DON PANCHO
Tarde pude descubrir su nombre y apellido. Siempre fue y será para todos nosotros Don Pancho. Ese hombre que pese a su aspecto simple esconde un secreto terrible que es el origen de mi fobia a las personas con audífonos.
La primera vez que lo vi fue en 1976. Nos habíamos mudado a Castelar. La calle de tierra nos permitía hacer esos picados que duraban hasta la noche.
Era bueno tener ocho años, amigos y la pelota. Fue después de la escuela, no habremos jugado ni cinco minutos cuando Diego dio el patadón. La pelota voló hasta caer dentro del patio del nuevo vecino. Cuando Sergio comenzó a subir por la reja apareció del patio trasero un enojado bulldog que lo disuadió del intento. Golpeamos las manos con fuerza e incluso gritamos porque los ladridos no nos permitían ni siquiera escucharnos. Sólo cuando la puerta empezó a abrirse el perro calló aunque no dejó de gruñir.
Salió un hombre pequeño y flaco, llevaba pantalón negro, camisa blanca y corbata, era muy viejo y el poco pelo que le quedaba estaba lleno de canas, tenía unos anteojos muy pequeños. Se acercó llevando un bastón marrón claro. Guillermo habló:
-La pelota se cayó en el fondo.
-Pasen
El perro se quedó parado sin ni siquiera olfatearnos. Fue antes de entrar que noté que el hombre llevaba un gran audífono color crema en la oreja.
-Siéntese- nos pidió.
Nos acomodamos alrededor de una mesa rectangular que ocupaba la mayor parte del espacioso living. Ninguno de los seis pudo dejar de mirar asombrado lo que teníamos a nuestro alrededor. Contra la pared se hallaban unas estanterías con miniaturas. Había casas no más altas que un dedo, autos de tamaño de una uva, también aviones y barcos. Lo increíble no era solo el tamaño sino lo perfectas que eran. Volvimos a sentarnos rápido cuando volvió.

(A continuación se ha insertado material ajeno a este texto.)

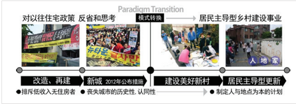
图1 旧村更新的时代潮流

-Veo que estuvieron mirando mis juguetes.
-¿Son de su nieto?
-No. No tengo hijos ni nietos ¿Les gustan?
-Claro.
-Elijan uno cada uno. Se los regalo
-Gracias.
-Mi nombre es Francisco, pero me dicen Pancho.
-Gracias Don Pancho.
-No seas irrespetuoso.
-No hay problema, díganme Don Pancho, me gusta. ¿Qué van a querer?
Sergio y Diego eligieron autos, Marcelo una ambulancia, Carlos y Guillermo unas ambulancias, yo me llevé una bicicleta roja que no era más grande que medio dedo.
-¿Le salieron caros estos juguetes?
-No me costaron nada, los hice yo.
-¿En serio?
-Claro. Cuando crezcan un poco más si quieren les puedo enseñar a hacerlos. ¿Viven cerca de acá?
-Somos todos de la cuadra.
-Acá está la pelota. Vayan y tengan más cuidado.
El partido se suspendió automáticamente. Todos salimos corriendo hacia nuestras respectivas casas. Tan ansioso estaba que casi me olvido la pelota.
Coloqué la minúscula bicicleta sobre la mesa y me puse a observarla con una gran lupa. No podía creer que las rueditas giraran. No conforme la coloqué en el microscopio. La bicicleta tenía pedales, frenos y hasta cadena. Por más que me esforzara no podía imaginarme como había podido construir semejante miniatura.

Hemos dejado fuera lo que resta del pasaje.